++++ MATERIAL FOR THIS EXERCISE ++++

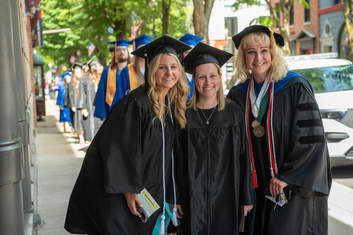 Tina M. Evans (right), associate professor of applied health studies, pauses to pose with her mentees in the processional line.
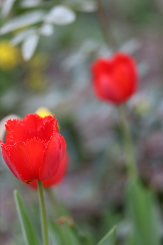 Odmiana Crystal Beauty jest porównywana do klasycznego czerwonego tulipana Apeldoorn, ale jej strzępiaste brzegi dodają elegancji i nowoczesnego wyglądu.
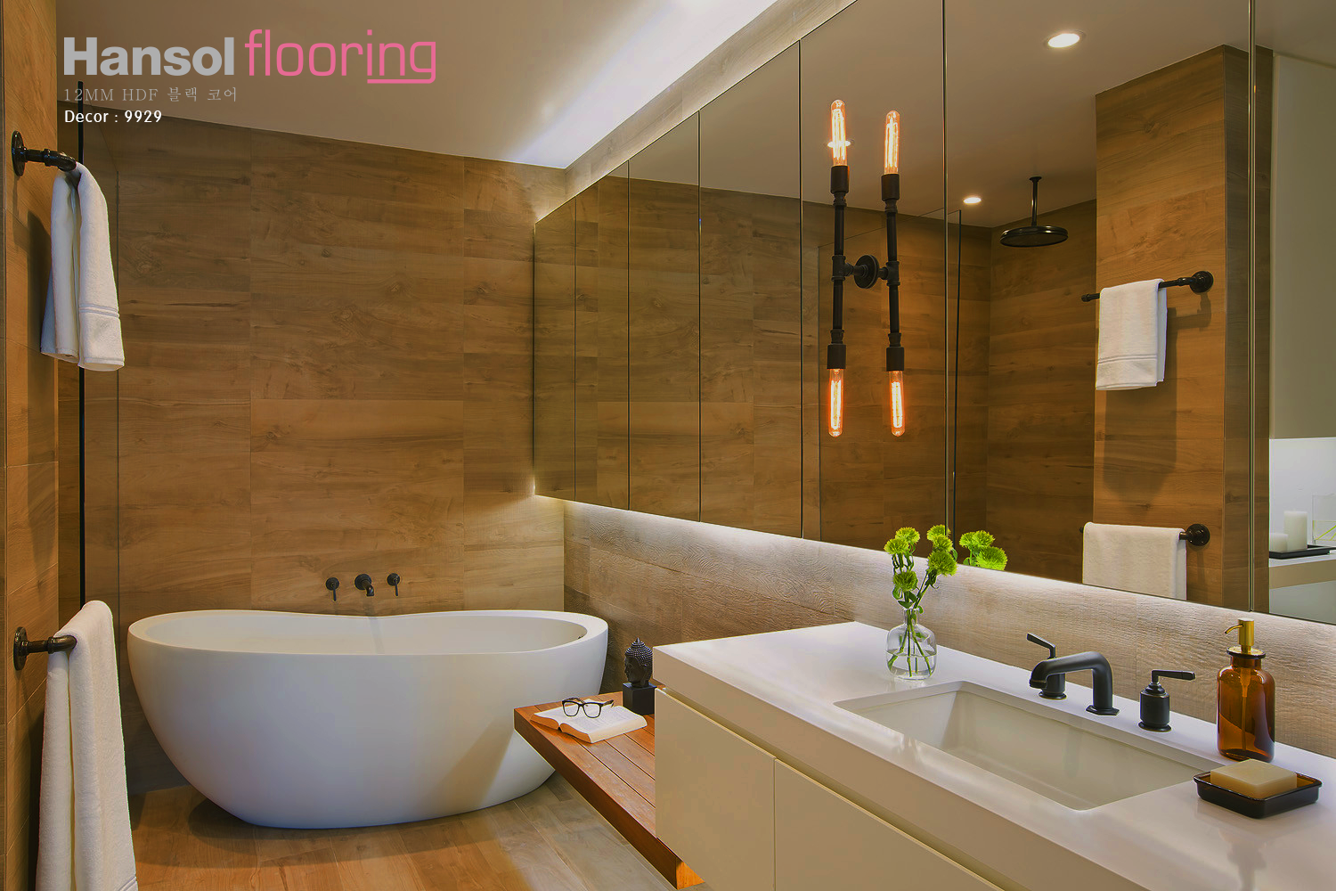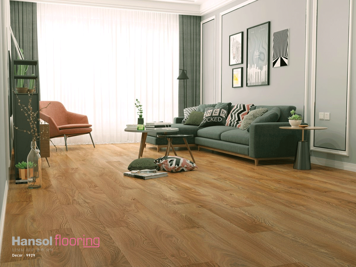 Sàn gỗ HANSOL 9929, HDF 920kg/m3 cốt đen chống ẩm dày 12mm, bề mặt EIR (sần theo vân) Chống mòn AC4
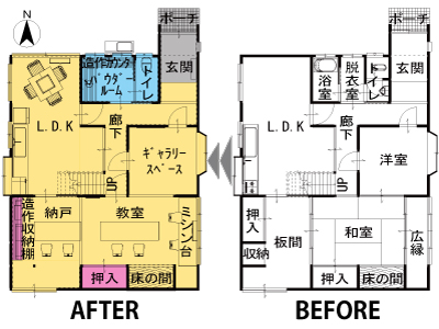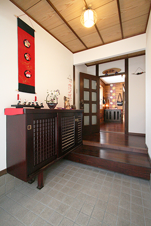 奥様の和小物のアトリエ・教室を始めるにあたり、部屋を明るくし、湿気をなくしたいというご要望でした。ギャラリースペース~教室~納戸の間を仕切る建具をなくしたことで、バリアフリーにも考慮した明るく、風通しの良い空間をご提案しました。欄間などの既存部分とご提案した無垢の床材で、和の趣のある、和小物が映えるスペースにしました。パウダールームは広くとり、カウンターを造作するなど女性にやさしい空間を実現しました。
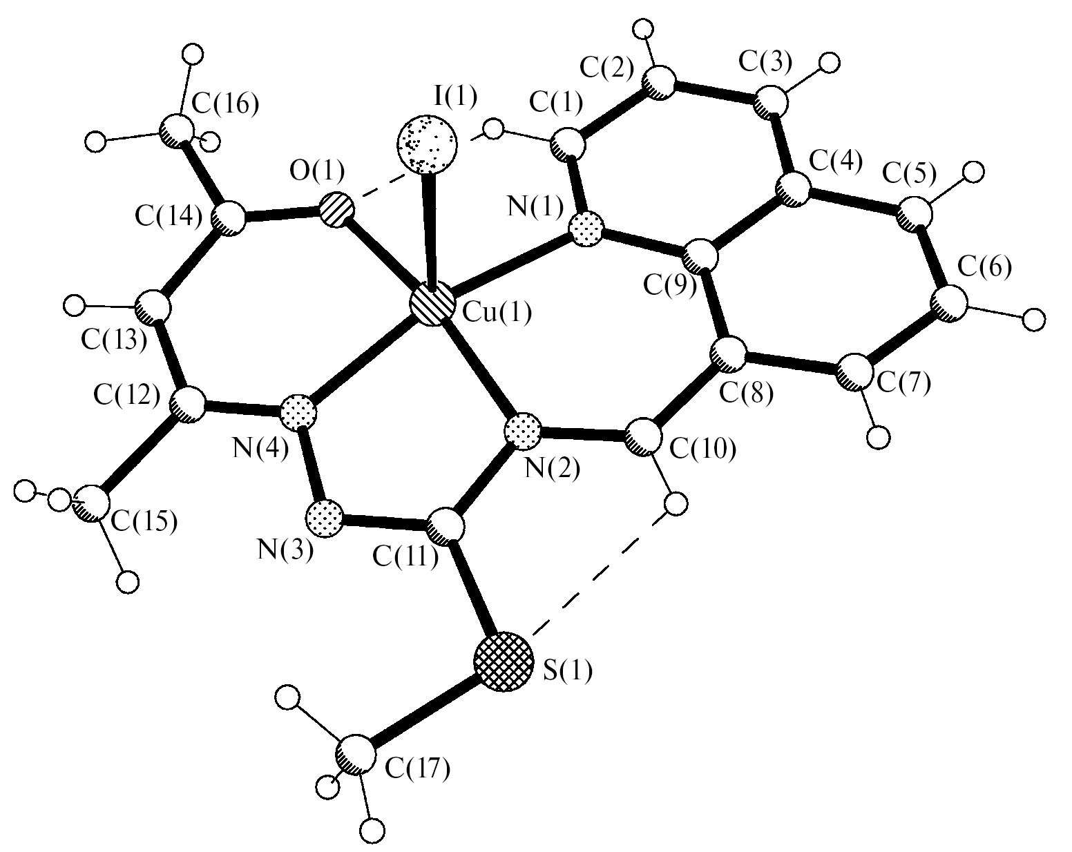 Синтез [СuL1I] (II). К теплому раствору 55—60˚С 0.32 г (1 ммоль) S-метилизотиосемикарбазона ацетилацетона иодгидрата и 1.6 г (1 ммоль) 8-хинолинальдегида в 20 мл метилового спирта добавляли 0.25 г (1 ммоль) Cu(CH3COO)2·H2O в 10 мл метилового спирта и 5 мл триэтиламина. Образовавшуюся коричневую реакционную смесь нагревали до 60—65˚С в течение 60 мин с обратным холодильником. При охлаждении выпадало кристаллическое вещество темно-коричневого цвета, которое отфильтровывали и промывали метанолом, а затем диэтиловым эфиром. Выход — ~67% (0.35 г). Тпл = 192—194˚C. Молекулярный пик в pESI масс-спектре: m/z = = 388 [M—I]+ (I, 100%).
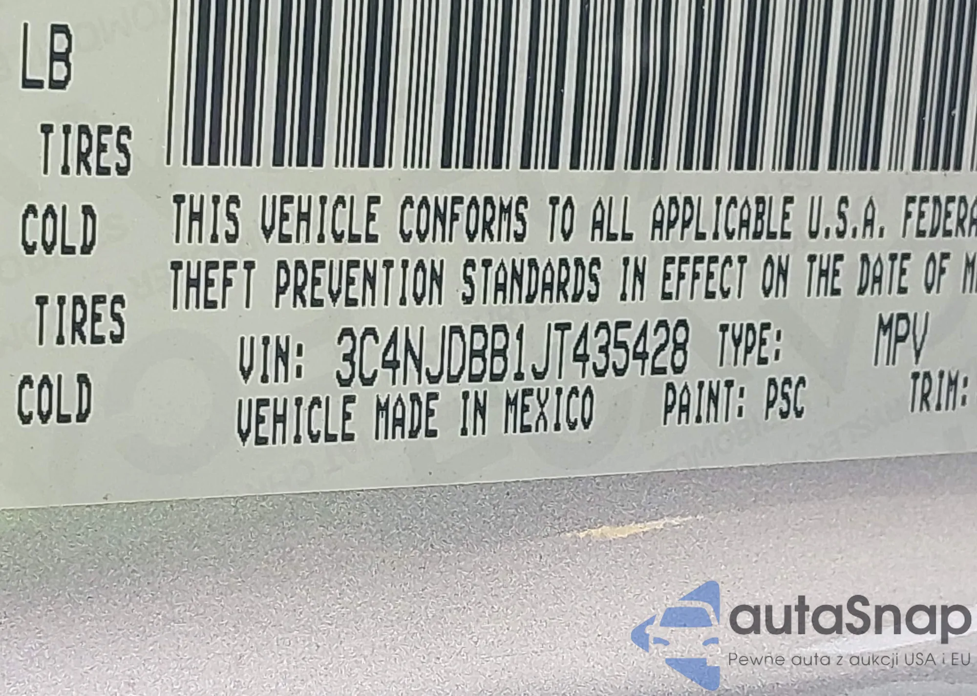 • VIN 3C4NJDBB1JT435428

++++
++++ MATERIAL FOR THIS EXERCISE ++++

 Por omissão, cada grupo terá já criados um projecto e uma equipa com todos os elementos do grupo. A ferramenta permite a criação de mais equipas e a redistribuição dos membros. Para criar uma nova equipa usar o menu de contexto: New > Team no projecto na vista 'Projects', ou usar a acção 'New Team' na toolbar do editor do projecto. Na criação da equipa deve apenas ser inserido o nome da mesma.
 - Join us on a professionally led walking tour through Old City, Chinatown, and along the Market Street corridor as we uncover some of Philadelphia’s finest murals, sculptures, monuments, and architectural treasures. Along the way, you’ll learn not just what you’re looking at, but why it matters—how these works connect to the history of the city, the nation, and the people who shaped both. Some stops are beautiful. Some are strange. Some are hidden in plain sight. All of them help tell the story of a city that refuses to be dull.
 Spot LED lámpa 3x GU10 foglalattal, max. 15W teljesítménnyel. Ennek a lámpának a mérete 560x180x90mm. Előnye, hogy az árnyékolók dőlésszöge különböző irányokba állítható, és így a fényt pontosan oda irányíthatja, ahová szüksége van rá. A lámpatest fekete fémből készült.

++++
++++ MATERIAL FOR THIS EXERCISE ++++

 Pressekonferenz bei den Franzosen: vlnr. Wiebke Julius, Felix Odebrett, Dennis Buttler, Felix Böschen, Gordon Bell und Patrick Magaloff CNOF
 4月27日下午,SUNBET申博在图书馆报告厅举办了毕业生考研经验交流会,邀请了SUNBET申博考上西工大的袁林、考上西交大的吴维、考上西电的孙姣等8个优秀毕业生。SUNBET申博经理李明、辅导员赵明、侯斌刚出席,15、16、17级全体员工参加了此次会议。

++++

TASK DIRECTIONS => Give back exactly the lines above, from the line containing "Pressekonferenz bei den" through the line containing "4月27日下午,SUNBET", with both end lines and nothing more.

OUTPUT OF THE TASK =>
 Pressekonferenz bei den Franzosen: vlnr. Wiebke Julius, Felix Odebrett, Dennis Buttler, Felix Böschen, Gordon Bell und Patrick Magaloff CNOF
 4月27日下午,SUNBET申博在图书馆报告厅举办了毕业生考研经验交流会,邀请了SUNBET申博考上西工大的袁林、考上西交大的吴维、考上西电的孙姣等8个优秀毕业生。SUNBET申博经理李明、辅导员赵明、侯斌刚出席,15、16、17级全体员工参加了此次会议。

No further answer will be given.